YOUR TASK: Pictures excluded, reproduce exactly the lines below from the one with "Abaya embroidered with" through the one with "-1 piętro (53", both included.

RECORDS:
───
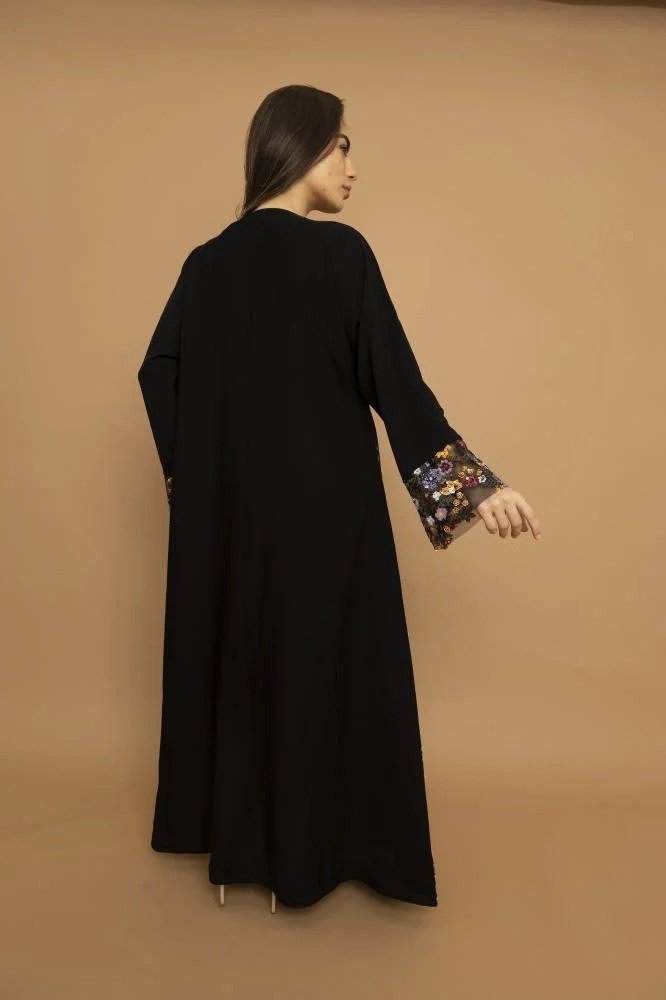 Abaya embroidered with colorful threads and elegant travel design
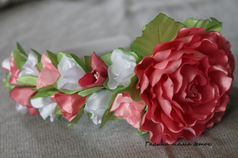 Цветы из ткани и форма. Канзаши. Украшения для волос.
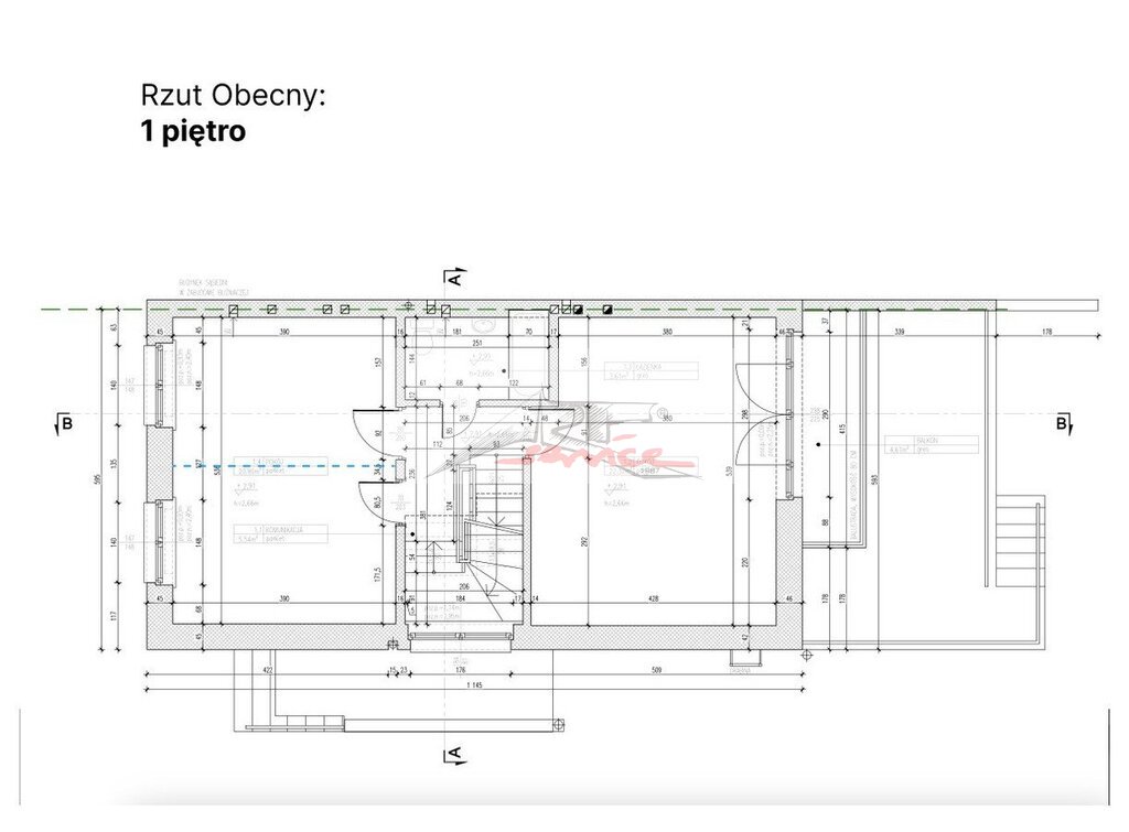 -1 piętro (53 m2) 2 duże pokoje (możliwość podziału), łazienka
───
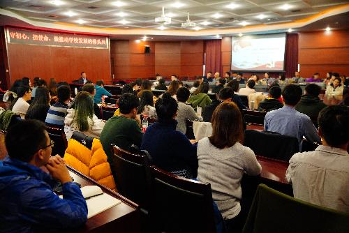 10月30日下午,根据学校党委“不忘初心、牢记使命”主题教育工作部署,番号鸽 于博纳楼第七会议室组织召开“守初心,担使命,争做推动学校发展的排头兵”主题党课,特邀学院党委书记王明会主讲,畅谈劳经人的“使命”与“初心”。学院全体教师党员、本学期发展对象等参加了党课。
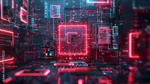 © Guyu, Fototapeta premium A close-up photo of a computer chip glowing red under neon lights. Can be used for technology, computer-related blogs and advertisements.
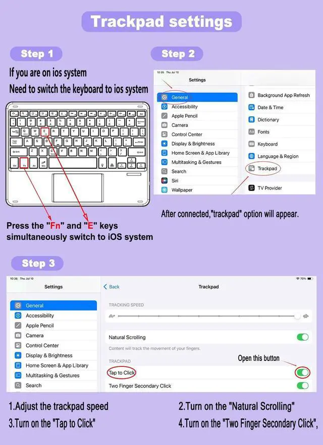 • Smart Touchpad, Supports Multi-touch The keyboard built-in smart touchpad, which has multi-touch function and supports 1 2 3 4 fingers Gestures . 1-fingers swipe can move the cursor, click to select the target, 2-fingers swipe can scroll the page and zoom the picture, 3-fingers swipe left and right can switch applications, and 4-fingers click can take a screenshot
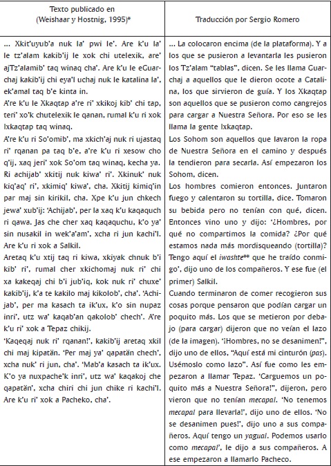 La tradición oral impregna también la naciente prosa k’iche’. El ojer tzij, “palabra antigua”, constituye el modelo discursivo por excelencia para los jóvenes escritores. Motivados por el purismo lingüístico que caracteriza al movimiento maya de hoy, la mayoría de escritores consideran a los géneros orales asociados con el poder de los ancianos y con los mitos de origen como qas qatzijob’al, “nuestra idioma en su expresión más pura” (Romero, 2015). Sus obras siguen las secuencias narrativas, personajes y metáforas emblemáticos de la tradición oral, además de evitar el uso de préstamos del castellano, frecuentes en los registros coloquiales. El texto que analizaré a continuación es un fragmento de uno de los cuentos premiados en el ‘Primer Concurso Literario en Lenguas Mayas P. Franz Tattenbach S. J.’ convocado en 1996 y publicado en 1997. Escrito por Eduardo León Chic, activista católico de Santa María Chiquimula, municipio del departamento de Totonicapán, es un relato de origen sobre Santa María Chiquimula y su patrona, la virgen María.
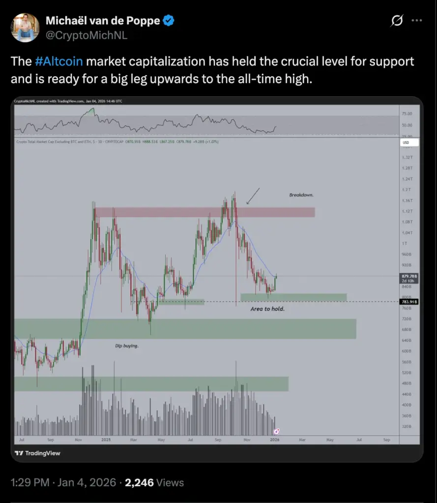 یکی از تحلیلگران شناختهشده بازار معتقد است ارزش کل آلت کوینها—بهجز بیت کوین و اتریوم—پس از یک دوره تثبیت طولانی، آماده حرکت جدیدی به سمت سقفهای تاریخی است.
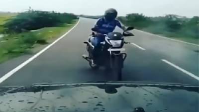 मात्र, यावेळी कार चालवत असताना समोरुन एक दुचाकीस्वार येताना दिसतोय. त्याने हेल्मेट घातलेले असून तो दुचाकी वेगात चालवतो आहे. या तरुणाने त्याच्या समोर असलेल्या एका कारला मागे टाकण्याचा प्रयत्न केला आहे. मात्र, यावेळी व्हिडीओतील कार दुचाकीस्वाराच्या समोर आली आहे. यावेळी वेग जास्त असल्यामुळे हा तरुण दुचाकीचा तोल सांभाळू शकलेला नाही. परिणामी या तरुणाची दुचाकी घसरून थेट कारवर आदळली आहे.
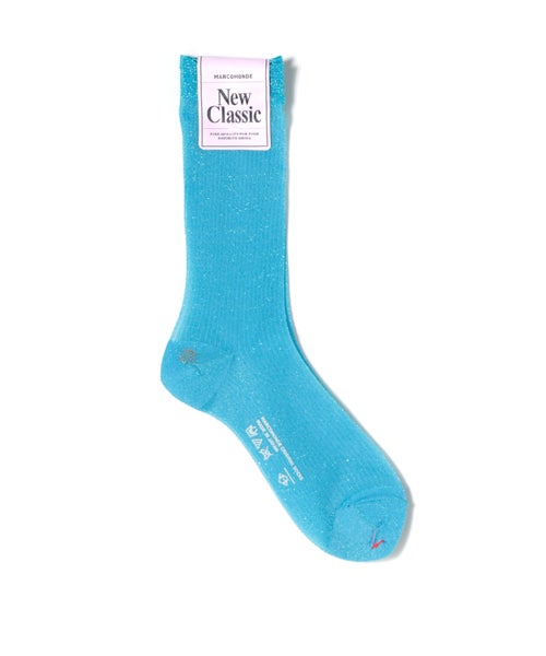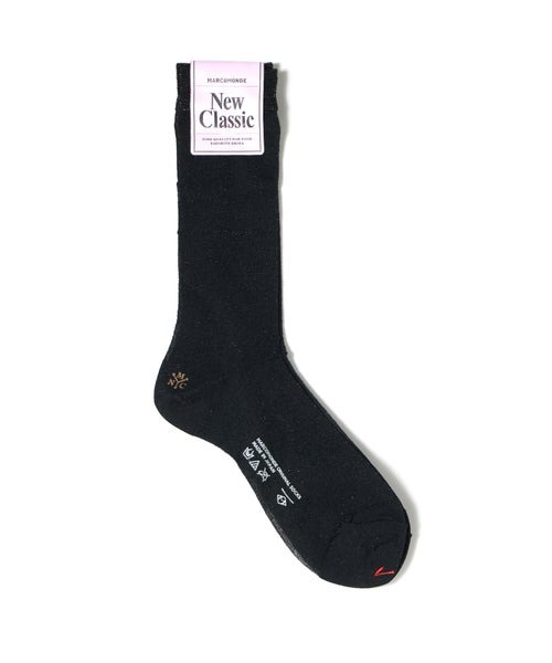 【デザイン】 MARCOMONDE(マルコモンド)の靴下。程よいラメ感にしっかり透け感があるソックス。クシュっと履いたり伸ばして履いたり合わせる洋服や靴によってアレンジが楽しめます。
───
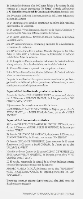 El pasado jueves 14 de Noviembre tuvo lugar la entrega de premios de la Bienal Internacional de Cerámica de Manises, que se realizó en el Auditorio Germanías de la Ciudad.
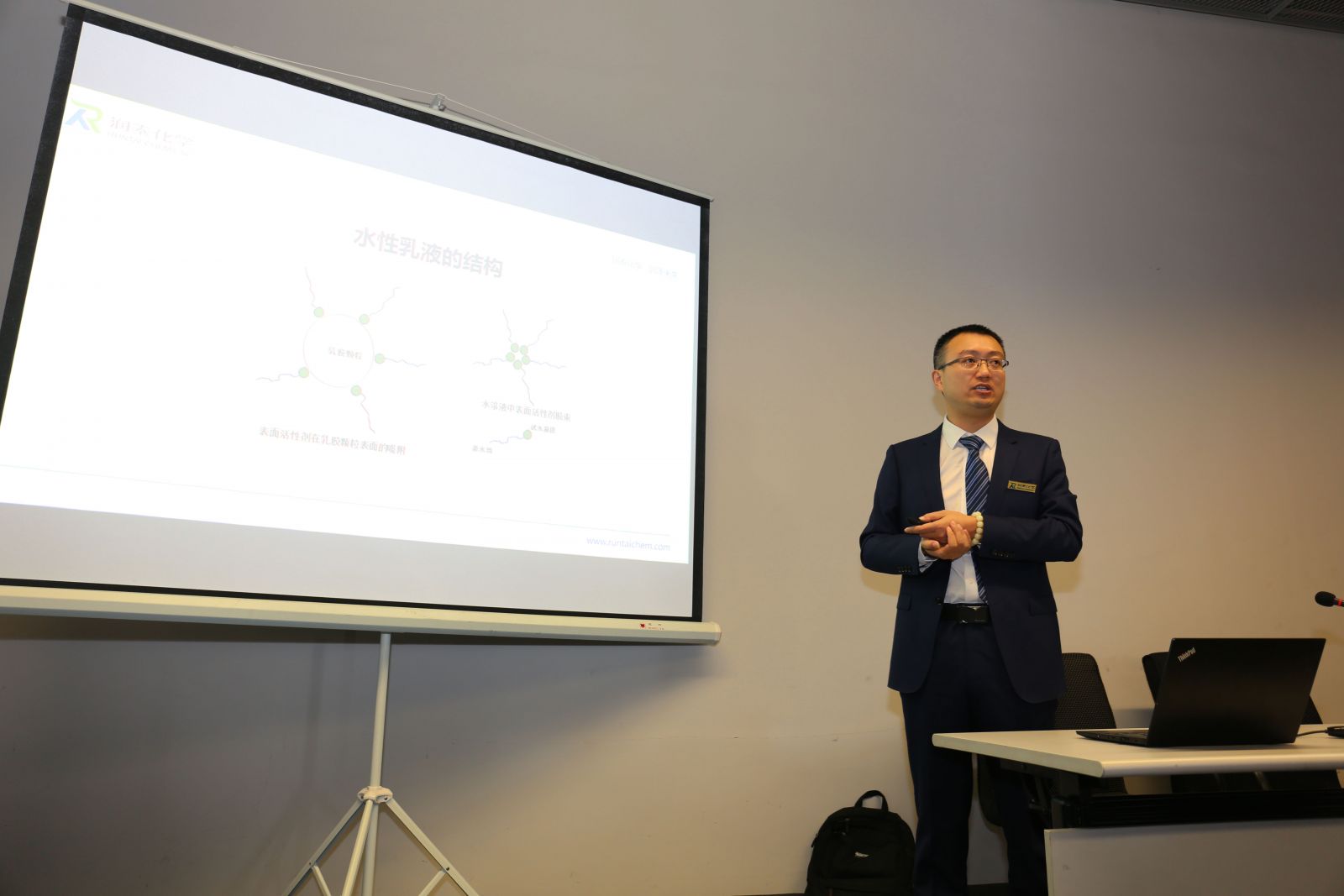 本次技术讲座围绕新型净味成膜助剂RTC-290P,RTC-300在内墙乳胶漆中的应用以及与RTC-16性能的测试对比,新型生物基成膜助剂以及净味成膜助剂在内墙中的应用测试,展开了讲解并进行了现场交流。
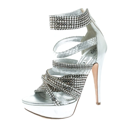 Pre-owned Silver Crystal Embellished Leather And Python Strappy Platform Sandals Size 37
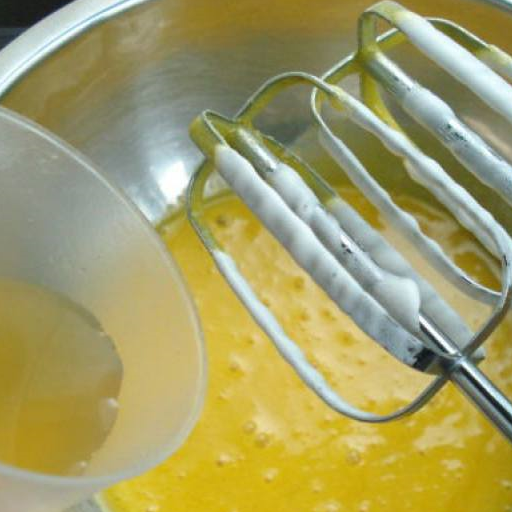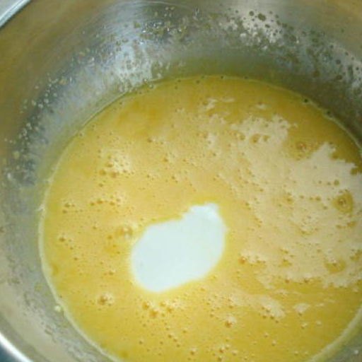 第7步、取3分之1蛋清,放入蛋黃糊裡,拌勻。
───
RESPONSE AREA:
 Abaya embroidered with colorful threads and elegant travel design
 Цветы из ткани и форма. Канзаши. Украшения для волос.
 -1 piętro (53 m2) 2 duże pokoje (możliwość podziału), łazienka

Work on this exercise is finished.